But first up, this is not to be skipped. This is about my man, Thomas Edward Patrick Brady Jr. And this is in response to several of your questions. One in particular that I really appreciated from Noreen out here in Santa Monica in Los Angeles from where I speak to you as we speak.

So many questions wanting you to know that if this is it for Tom Brady, what has he meant to me and my career, both professionally and personally? Let me launch. I have been rocked and I have been shocked by the very sudden news that Thomas Edward Patrick Brady Jr. just might be calling it quits. It's almost like a death in my family. And I'm here to tell you,

I'm having a hard time coming to grips with it because it was just two, maybe three weeks ago, I spoke to a doctor I know, an orthopedic surgeon I know, who's close with Alex Guerrero, the trainer of Tom Brady, and said doctor told me that for sure Brady is going to play at least one more year. No shock to me. I wouldn't be shocked if he played five more years.

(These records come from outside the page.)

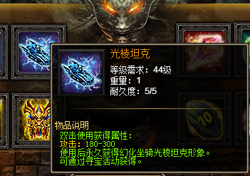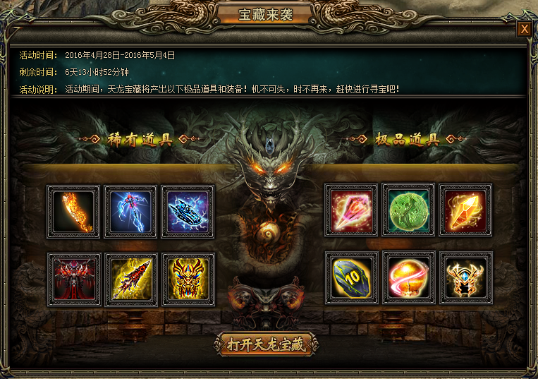 活动内容:活动期间,天龙宝藏进行寻宝将有几率获得全新幻化坐骑—光棱坦克以及战天圣龙刀(幻武)、亡灵追魂(幻武)以及战天传奇套装部件等。机不可失,时不再来!
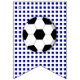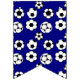 Un divertido banner de garland con un patrón de secuencia repetida que comienza con un fondo blanco a rayas en el que aparecen pelotas de fútbol en blanco y negro; a continuación se muestra un fondo azul marino sólido en el que aparece una plantilla blanca con la edad de los chicos de cumpleaños y, por último, un fondo blanco sobre el fondo azul marino en el que aparece un solo vector de fútbol.
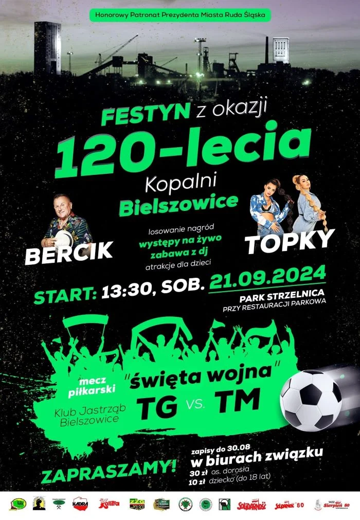 Przedstawiciele związków zawodowych działających w bielszowickiej kopalni zapraszają wszystkich bardzo serdecznie na wspólne świętowanie 120-lecia! Festyn rozpocznie się o 13:30 w Parku Strzelnica, tuż restauracji Parkowej. Na scenie wystąpią Bercik i zespół Topky, przewidziano również zabawę z DJ-em. Oprócz występów na żywo, organizatorzy zapowiadają także losowanie nagród i atrakcje dla dzieci. W ramach festynu odbędzie się również mecz piłkarski. Impreza została objęta patronatem prezydenta miasta Michała Pierończyka.
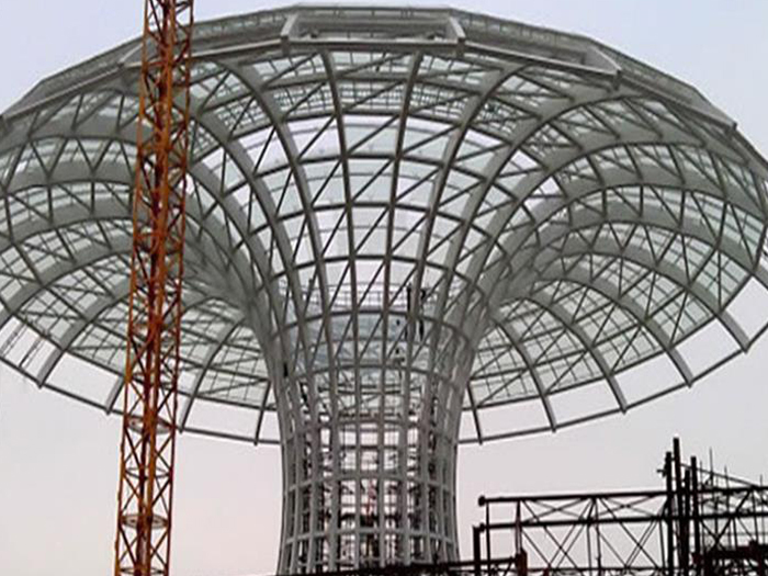 二、球形网架结构因其结构新颖,受力合理,自重轻、用钢量低等优点。如大型体育场馆球形石嘴山螺栓球网架、公共场馆球形网架、电厂石嘴山螺栓球网架、水泥工业球形网架、仓储物流球形网架、石嘴山干煤棚工业球形网架、石嘴山收费站石嘴山加油站球形网架、展览中心、影剧院、商场、航站楼、候车厅、工厂石嘴山车间、仓库、电视塔等球形螺栓球节点网架。国内球形网架结构主要分为:石嘴山焊接球节点网架及螺栓球节点网架两种。螺栓球节点网架其构件工厂内加工量较大,现场安装便捷,适用于现场工期紧,石嘴山施工条件、用电量受制约,网架形状复杂、石嘴山杆件定位困难的异形结构。螺栓球节点球形网架系统基本由石嘴山杆件、螺栓球、支撑支座等组成。按照节点形式可分为交叉石嘴山桁架体系、四角锥体系、三角锥体系等。支撑方式多为固定支座支撑。对于大面积、大跨度及有特殊受力或伸缩要求的网架结构可采用橡胶支座、滑移支座、球铰支座等支撑形式,以满足结构自身的受力稳定、均衡,便于内力释放等设计要求。

And then that thing happened on Sunday against those Rams in Tampa. That play happened at the end of that game after Thomas Edward Patrick Brady had brought that team back from 24 down to 27 all. And somehow a blitz was called and no blitz was executed. And Cooper bleeping cup happened to Tom Brady. Is that it? Was that the end? I couldn't even fathom.

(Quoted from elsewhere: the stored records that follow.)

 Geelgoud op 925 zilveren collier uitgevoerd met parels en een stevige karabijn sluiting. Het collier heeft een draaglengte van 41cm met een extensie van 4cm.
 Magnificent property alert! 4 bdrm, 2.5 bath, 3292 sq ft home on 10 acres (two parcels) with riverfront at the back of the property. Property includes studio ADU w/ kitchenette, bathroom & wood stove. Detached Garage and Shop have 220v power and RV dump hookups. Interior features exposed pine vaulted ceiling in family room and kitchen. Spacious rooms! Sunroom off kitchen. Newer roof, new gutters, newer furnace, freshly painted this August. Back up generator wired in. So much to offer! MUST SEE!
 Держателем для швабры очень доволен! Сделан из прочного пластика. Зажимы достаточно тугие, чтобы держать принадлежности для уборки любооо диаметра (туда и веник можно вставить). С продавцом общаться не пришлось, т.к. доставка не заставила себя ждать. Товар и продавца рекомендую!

until the following day when the drumbeat mounted that, yeah, he's going to seriously consider calling it a day. What? No, I scoffed. I laughed. Not Tom Brady. Nope, sorry. He'll play at least another year, if not two, three, four or five more years. Then I heard from a source on Monday night, high up in the Buccaneers organization,

a source I implicitly trust, who rocked and shocked me by saying, "We will be surprised, pleasantly surprised, but surprised nonetheless, if Tom plays next year." What? And then my source amended and said, "No, we will be shocked if Tom Brady plays next year." What? You'll be shocked? Impossible. My source said, "Hey, if he were single,

He'd play five more years. So it does come down to family. It does come down to wife Giselle, kids. Yep, that and that only. And on Undisputed the next day, I did throw out the maybe long shot possibility that I know Tom has always wanted to finish with the 49ers. He grew up in San Mateo, in the shadow of Candlestick Park, down the 101, maybe 15 minutes from his house. Huge 49er fan, huge Joe Montana fan.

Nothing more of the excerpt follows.